Recorded information:
»»
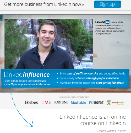 Linkedinfluence The Linkedinfluence page is a sales page that uses long form copy. You can view the entire sales page here. Lewis Howes uses a video, clear copy that explains the benefits, social proof, great use of imagery to show what people can expect, testimonials all of which lead to the Add to Cart button towards the end of the page. The 60 day no questions asked money back guarantee also helps assure prospective customers (try for free incentive).
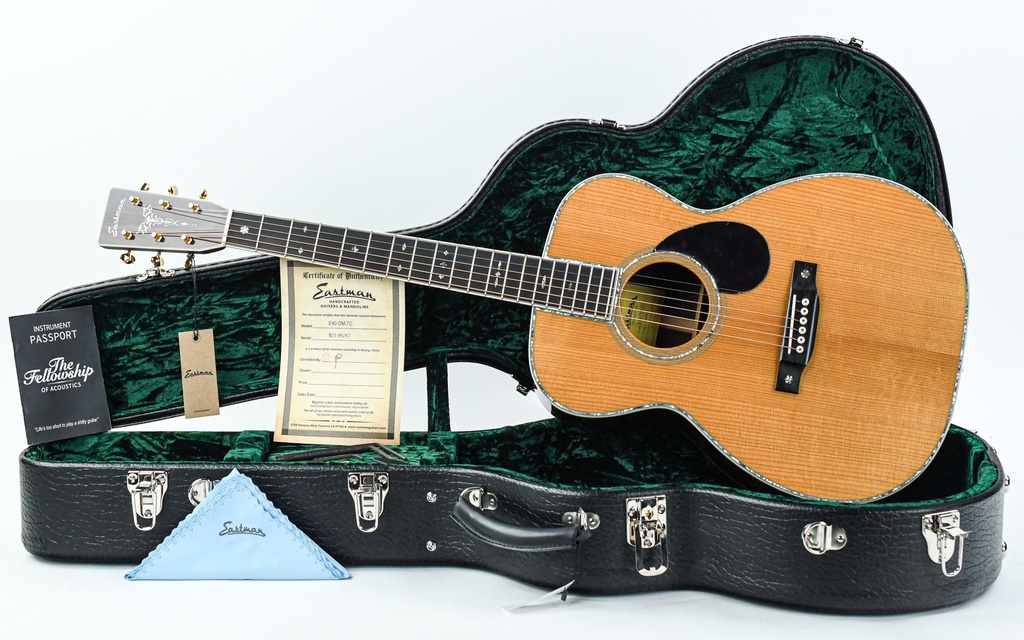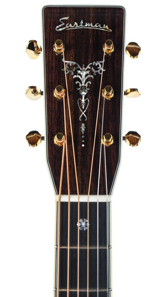 De Eastman E40OM combineert een prachtige palissander klankkast met een Adirondack bovenblad en fraaie abalone inleg op het bovenblad, rondom het klankgat en op de kopplaat. OM's zijn uitgesproken instrumenten, en zeer comfortabel dankzij de geringe diepte van de body. Eastman heeft een creatieve interpretatie gemaakt van deze gitaar door een mensuur van 24.9 inch te gebruiken.Â
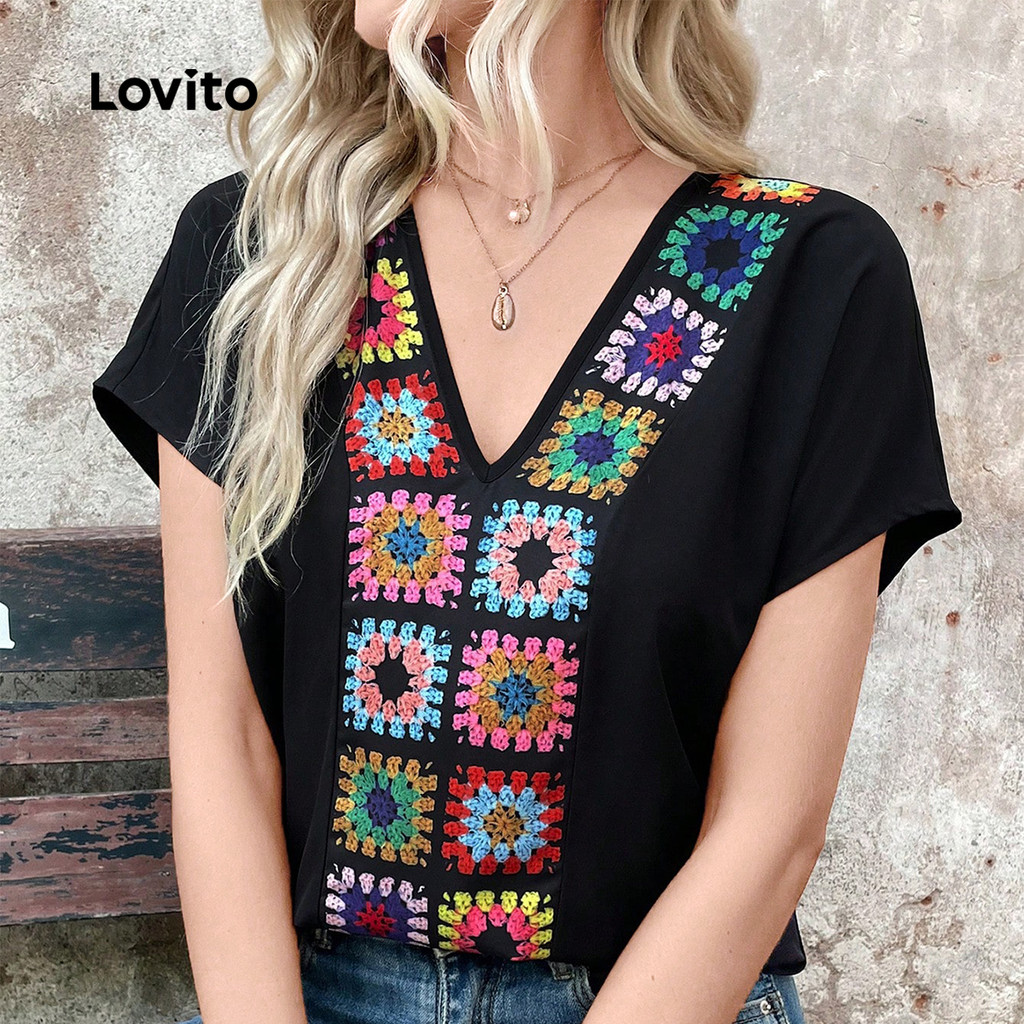 ✅DESTAQUES -❤️Costura de tecido -❤️estilo nacional -❤️Padrão -❤️Macio e confortável -❤️Primavera e verão ✅DESCRIÇÕES Estampa / Padrão:Estampado tribal Estilo:Casual Tamanho Plus:Não Material:Poliéster Composição:100% poliéster Tipo de modelagem: corte regular Transparência:Não Esticar:Não estendido Feito na China ✅O PACOTE INCLUI 1XBlusa ✅INTRODUÇÃO LOVITO A Lovito é uma marca em crescimento que acredita no poder das meninas. Estamos comprometidos em oferecer opções de roupas fashion e acessíveis, para todos os estilos, necessidades e identidades. Acreditamos que a moda deve ser divertida, liberadora e fazer você se sentir incrível. Afinal, o melhor acessório para qualquer look é a autoconfiança! ✅NOTAS DE COMPRA Antes de comprar, dê uma olhadinha na tabela de medidas disponível no site. Lembre-se de que, por serem feitas manualmente, as medidas podem variar de 1 a 2 cm. As cores dos produtos também podem ter pequenas diferenças em relação às fotos, dependendo da iluminação e das configurações do seu dispositivo. Siga nossa loja e conheça novos itens e as melhores ofertas para você!! Se você tiver alguma dúvida, converse conosco e responderemos o mais rápido possível.😊
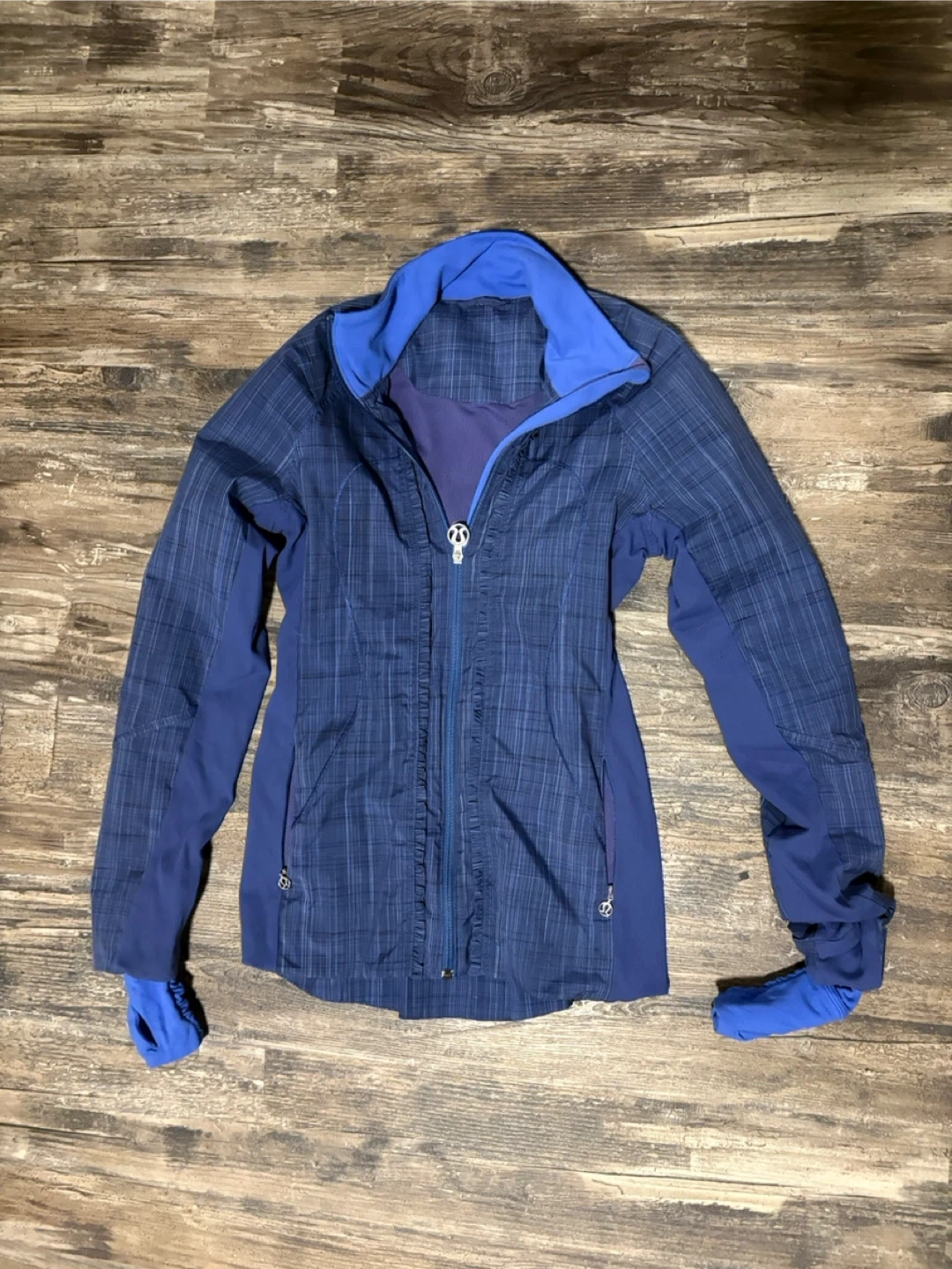 Lululemon blue jacket features a subtle plaid pattern and contrasting solid blue sleeves and collar. It includes zippered pockets for secure storage and thumbholes on the cuffs. Lightweight and practical for outdoor activities. Tag fell off so unsure of exact size but pretty sure it’s a small.
««
Directions: Copy the data above line for line, skipping every picture.

Exercise result:
 Linkedinfluence The Linkedinfluence page is a sales page that uses long form copy. You can view the entire sales page here. Lewis Howes uses a video, clear copy that explains the benefits, social proof, great use of imagery to show what people can expect, testimonials all of which lead to the Add to Cart button towards the end of the page. The 60 day no questions asked money back guarantee also helps assure prospective customers (try for free incentive).
 De Eastman E40OM combineert een prachtige palissander klankkast met een Adirondack bovenblad en fraaie abalone inleg op het bovenblad, rondom het klankgat en op de kopplaat. OM's zijn uitgesproken instrumenten, en zeer comfortabel dankzij de geringe diepte van de body. Eastman heeft een creatieve interpretatie gemaakt van deze gitaar door een mensuur van 24.9 inch te gebruiken.Â
 ✅DESTAQUES -❤️Costura de tecido -❤️estilo nacional -❤️Padrão -❤️Macio e confortável -❤️Primavera e verão ✅DESCRIÇÕES Estampa / Padrão:Estampado tribal Estilo:Casual Tamanho Plus:Não Material:Poliéster Composição:100% poliéster Tipo de modelagem: corte regular Transparência:Não Esticar:Não estendido Feito na China ✅O PACOTE INCLUI 1XBlusa ✅INTRODUÇÃO LOVITO A Lovito é uma marca em crescimento que acredita no poder das meninas. Estamos comprometidos em oferecer opções de roupas fashion e acessíveis, para todos os estilos, necessidades e identidades. Acreditamos que a moda deve ser divertida, liberadora e fazer você se sentir incrível. Afinal, o melhor acessório para qualquer look é a autoconfiança! ✅NOTAS DE COMPRA Antes de comprar, dê uma olhadinha na tabela de medidas disponível no site. Lembre-se de que, por serem feitas manualmente, as medidas podem variar de 1 a 2 cm. As cores dos produtos também podem ter pequenas diferenças em relação às fotos, dependendo da iluminação e das configurações do seu dispositivo. Siga nossa loja e conheça novos itens e as melhores ofertas para você!! Se você tiver alguma dúvida, converse conosco e responderemos o mais rápido possível.😊
 Lululemon blue jacket features a subtle plaid pattern and contrasting solid blue sleeves and collar. It includes zippered pockets for secure storage and thumbholes on the cuffs. Lightweight and practical for outdoor activities. Tag fell off so unsure of exact size but pretty sure it’s a small.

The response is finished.